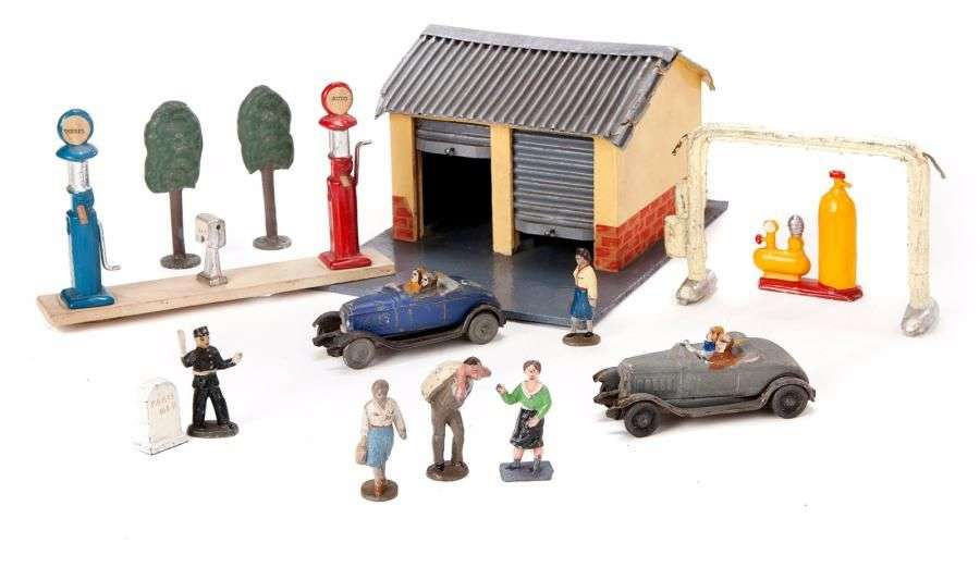 GARAGE à double rideaux en bois laqué avec pompes à essence et accessoires.
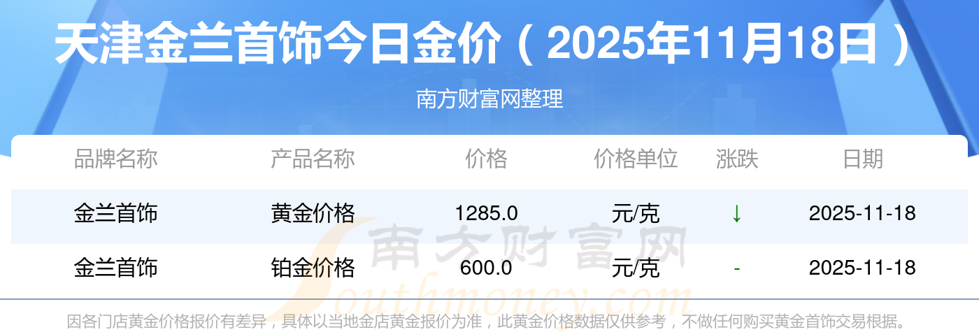 2025年11月18日金兰首饰金条多少钱1克 现在天津金兰首饰黄金价格查询
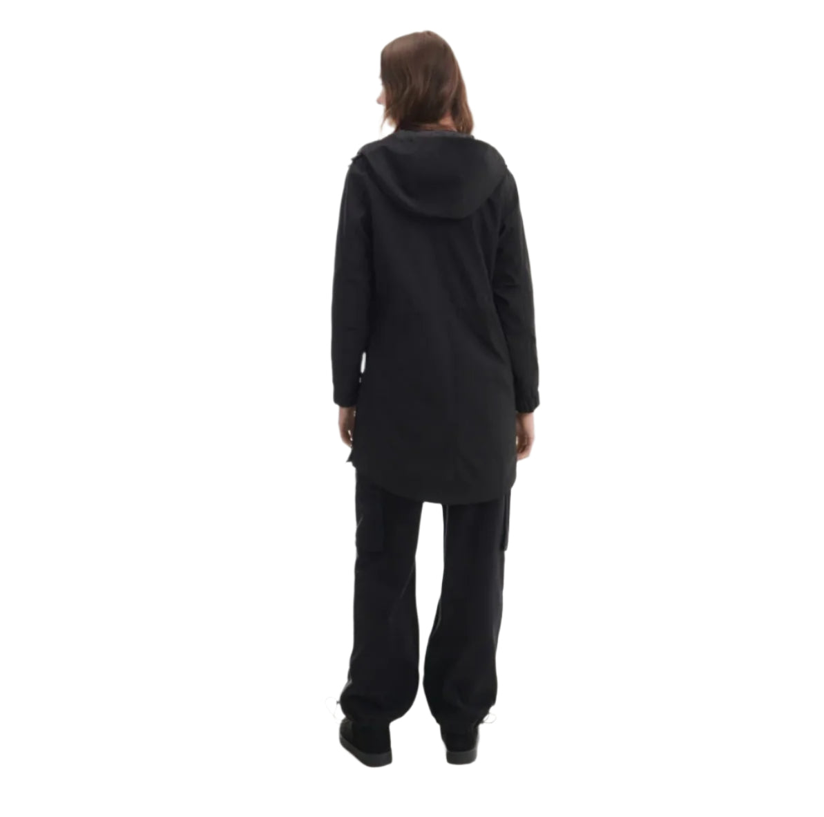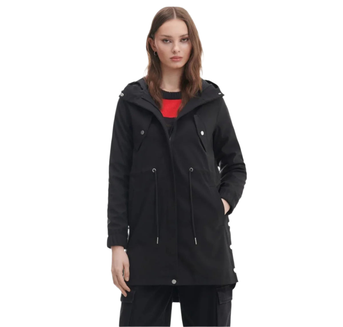Címke nélküli, fekete kapucnis kabát. Vízlepergető anyagból készült, így ideális esős és szeles időjárásra. Húzózsinórral állítható derékrész biztosítja a testhezálló illeszkedést. Cipzárral és patentokkal záródik, oldalán és mellrészén zsebekkel ellátva. Kapucnis kialakítása védelmet nyújt a hűvös időben. Tökéletes választás hétköznapi viseletként és réteges öltözködéshez.
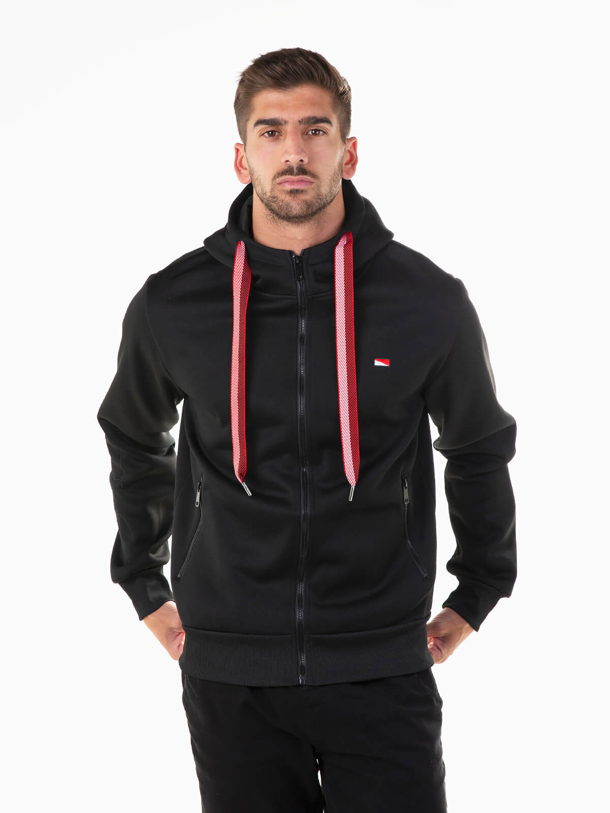 Casaco fato treino com pormenores bordados. Casaco hoodie de manga comprida com cordão bicolor para ajustar. 2 bolsos. Interior cardado. Aperto fecho zíper.
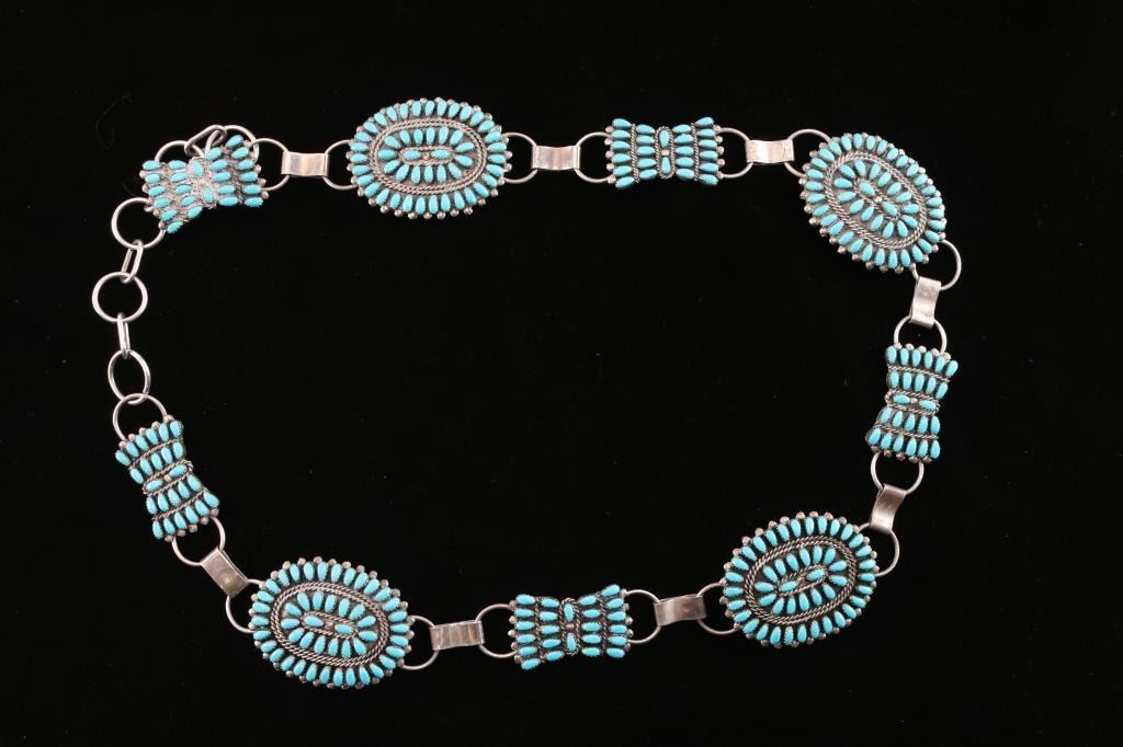 Lot 147 Stunning Zuni Turquoise Cluster Concho Belt.

▶ Exercise prompt
Exactly reproduce the run of lines from the start of the listing through the line with "2025年11月18日金兰首饰金条多少钱1克 现在天津金兰首饰黄金价格查询", inclusive; pictures are not copied.

▶ Written solution
 GARAGE à double rideaux en bois laqué avec pompes à essence et accessoires.
 2025年11月18日金兰首饰金条多少钱1克 现在天津金兰首饰黄金价格查询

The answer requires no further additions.